Mohit is a successful tech entrepreneur who founded Bizrate.com, Shopzilla and Flipagram, a music video app he sold to Chinese investors and eventually became TikTok.
The Athens program, covering roughly 800 students, is Gifted Savings’ first districtwide initiative after the nonprofit launched a pilot program last year at a small charter school in Los Angeles. To keep their individual investment portfolios, students must complete financial literacy programs, turn 18 and begin and end the school year enrolled.
Gifted Savings officials conferred with Athens native Logan Smalley, executive director of TED-Ed, TED’s youth and education initiative, about introducing the portfolio program in three schools around the country.
Smalley, a Clarke Central High graduate, urged Gifted Savings officials not to “dilute their efforts” and instead to scale up and focus on an entire school district — and then suggested Athens’ Clarke County.
“Logan told us there was multigenerational poverty in Athens,” said Josh Landay, the nonprofit’s executive director. “We hope this will change the narrative.”
Ben Smalley, Logan’s brother, is the social studies director for the Clarke County School District.
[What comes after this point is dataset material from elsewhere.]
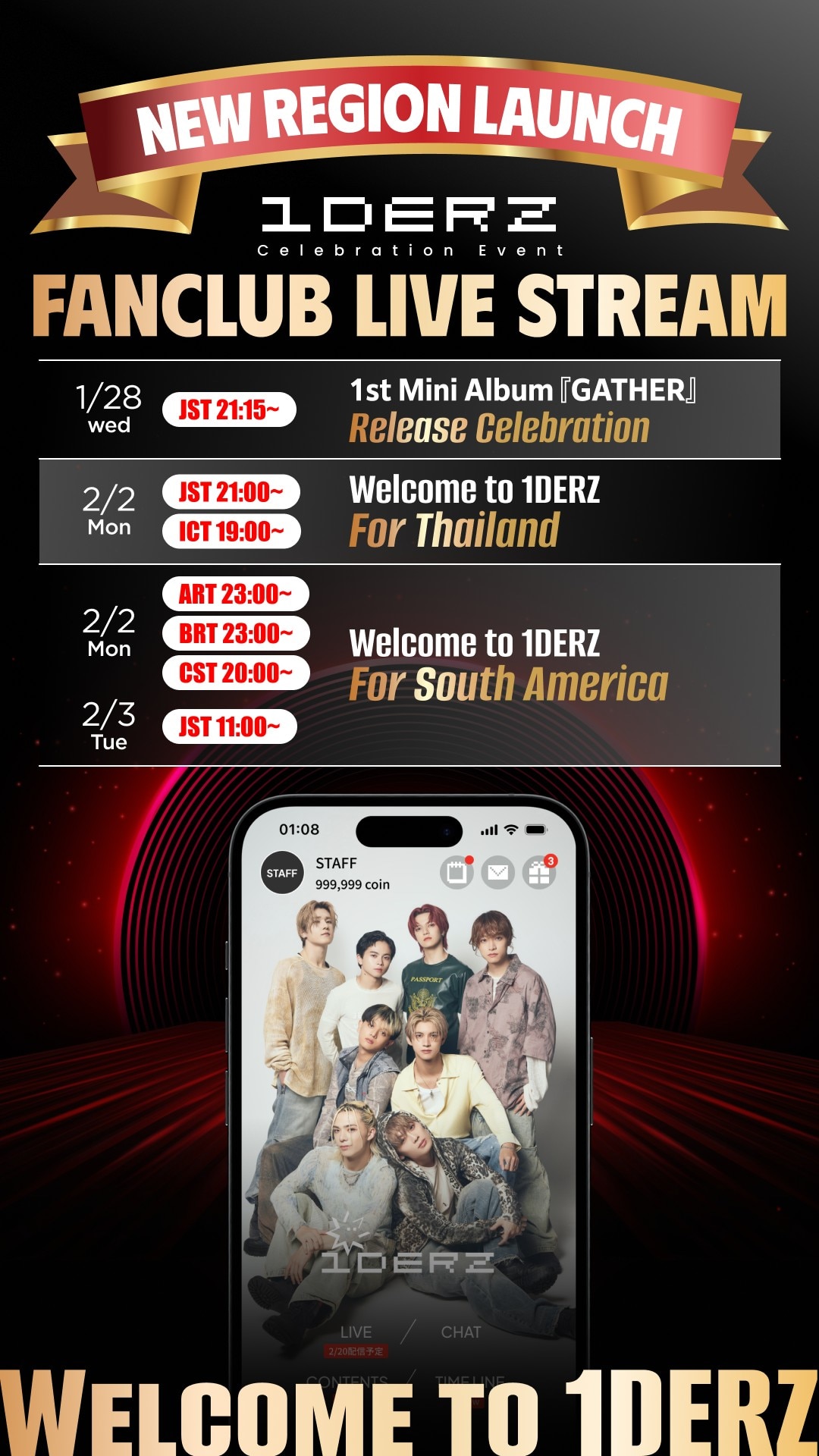 - ONE OR EIGHT OFFICIAL FANCLUB「1DERZ」アプリ、新たにアルゼンチン、ブラジル、タイ、メキシコにてリリース!“アプリ配信国追加記念” 先行入会キャンペーン、生配信も実施!
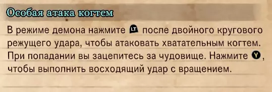 要使用此攻击,需在恶魔模式下施展双重旋转攻击,随后按下LT键使用抓取爪。 正确施展特殊爪击后,我们将抓住怪物,并获得选择:要么在短暂停顿后施展普通充能释放攻击,要么立即使用旋转上升斩。 3 旋转上升斩

He coordinated with high school staff so seniors will use 15 minutes of their weekly advisement periods to complete the educational modules created by Gifted Savings. At the end of the academic year, students will have completed 20 modules explaining each part of their portfolios.
Clarke County School Superintendent Jennifer Scott said she believes the program will “teach students what investing means, keep them in school and on track, and give them something to look forward to.”
If the participating students complete the requirements, Gifted Savings turns the portfolios over to them. They can buy or sell as they wish, including cashing out.
Researchers from the University of Georgia’s College of Family and Consumer Sciences are following the students for the next four years to learn how the program affects them as individuals, their families and the community.
An anonymous donor is funding the first year of the Athens program, which will cost $814,000. Gifted Savings is paying for half the second year, with expectations for the Athens community stepping up to pay the remainder, and, eventually, to create a $16 million endowment to fund the program in perpetuity.
“I think the business community in Athens craves an opportunity to provide a hand up,” Athens Chamber of Commerce Executive Director David Bradley said. “I was very skeptical at first, but this is the real deal. It’s going to fully engage the students and show them there can be light in their future.”